DATA TO EXAMINE ::
-.-.-
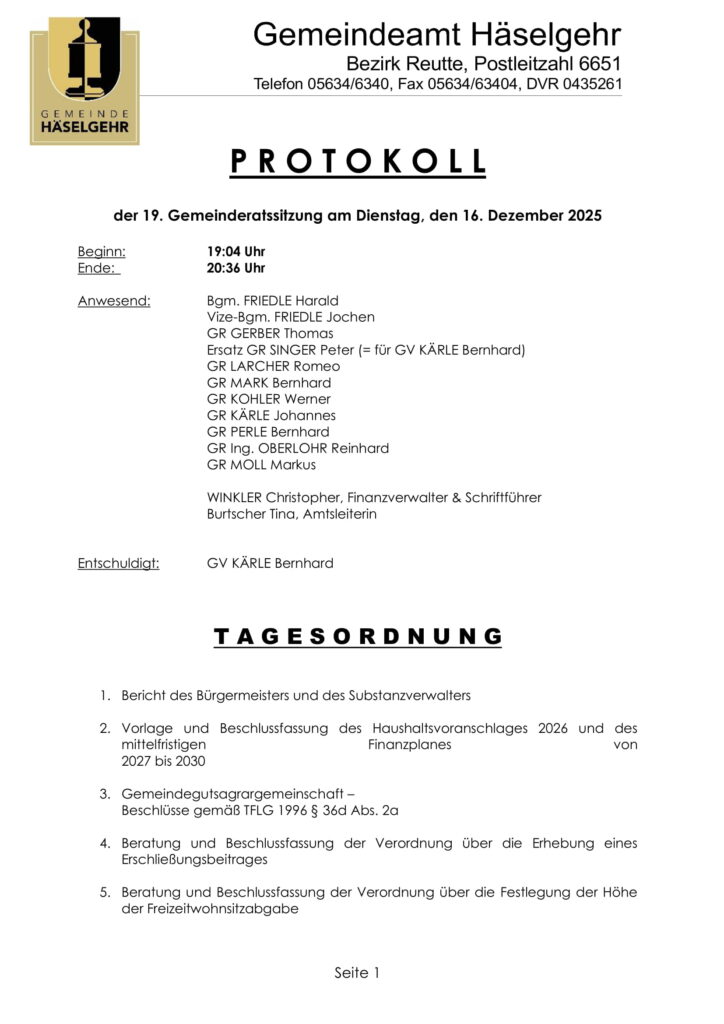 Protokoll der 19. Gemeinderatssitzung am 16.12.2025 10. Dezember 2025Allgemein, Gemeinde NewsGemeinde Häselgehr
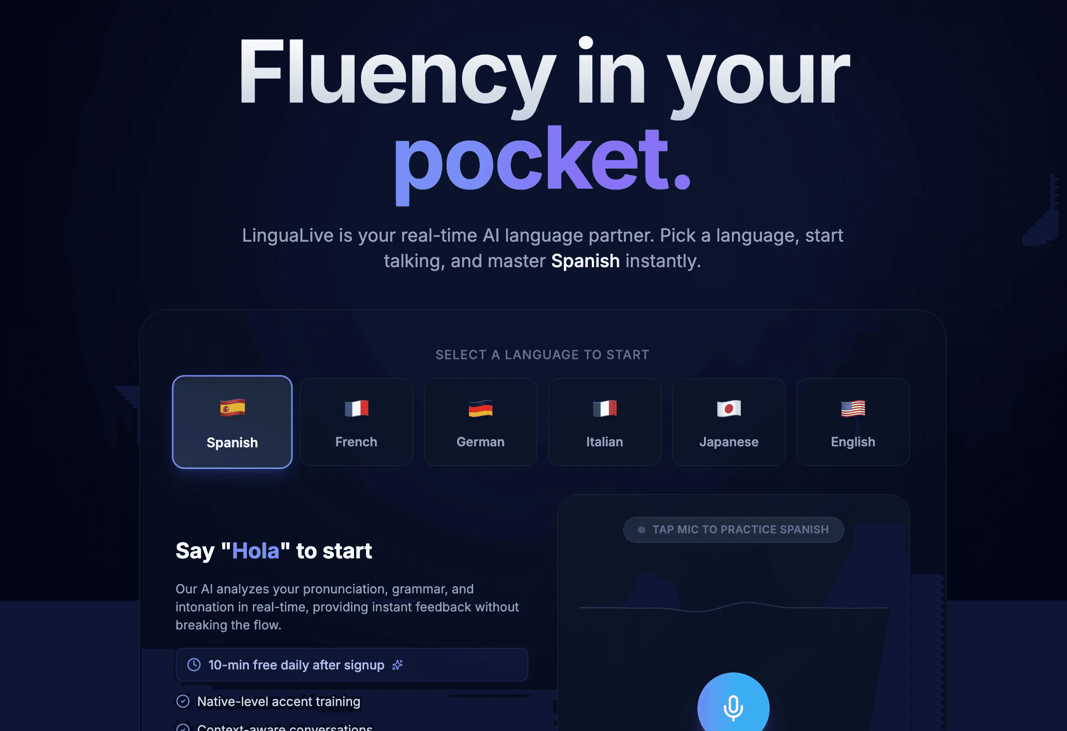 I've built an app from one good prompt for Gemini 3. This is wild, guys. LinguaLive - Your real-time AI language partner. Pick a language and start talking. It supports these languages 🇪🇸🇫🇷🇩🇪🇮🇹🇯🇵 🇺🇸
-.-.-
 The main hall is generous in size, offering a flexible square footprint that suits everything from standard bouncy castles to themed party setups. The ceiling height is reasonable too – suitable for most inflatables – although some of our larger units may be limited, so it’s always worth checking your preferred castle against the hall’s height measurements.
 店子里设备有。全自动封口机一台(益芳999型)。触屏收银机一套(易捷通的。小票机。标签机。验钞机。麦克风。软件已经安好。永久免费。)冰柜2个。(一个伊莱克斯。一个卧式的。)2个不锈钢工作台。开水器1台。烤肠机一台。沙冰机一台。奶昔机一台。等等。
-.-.-
EXERCISE OBJECTIVE :: Precisely those lines above that run from the line with "Protokoll der 19." up to and including the line with "I've built an" are to be set down, with the pictures omitted.

WRITTEN ANSWER ::
 Protokoll der 19. Gemeinderatssitzung am 16.12.2025 10. Dezember 2025Allgemein, Gemeinde NewsGemeinde Häselgehr
 I've built an app from one good prompt for Gemini 3. This is wild, guys. LinguaLive - Your real-time AI language partner. Pick a language and start talking. It supports these languages 🇪🇸🇫🇷🇩🇪🇮🇹🇯🇵 🇺🇸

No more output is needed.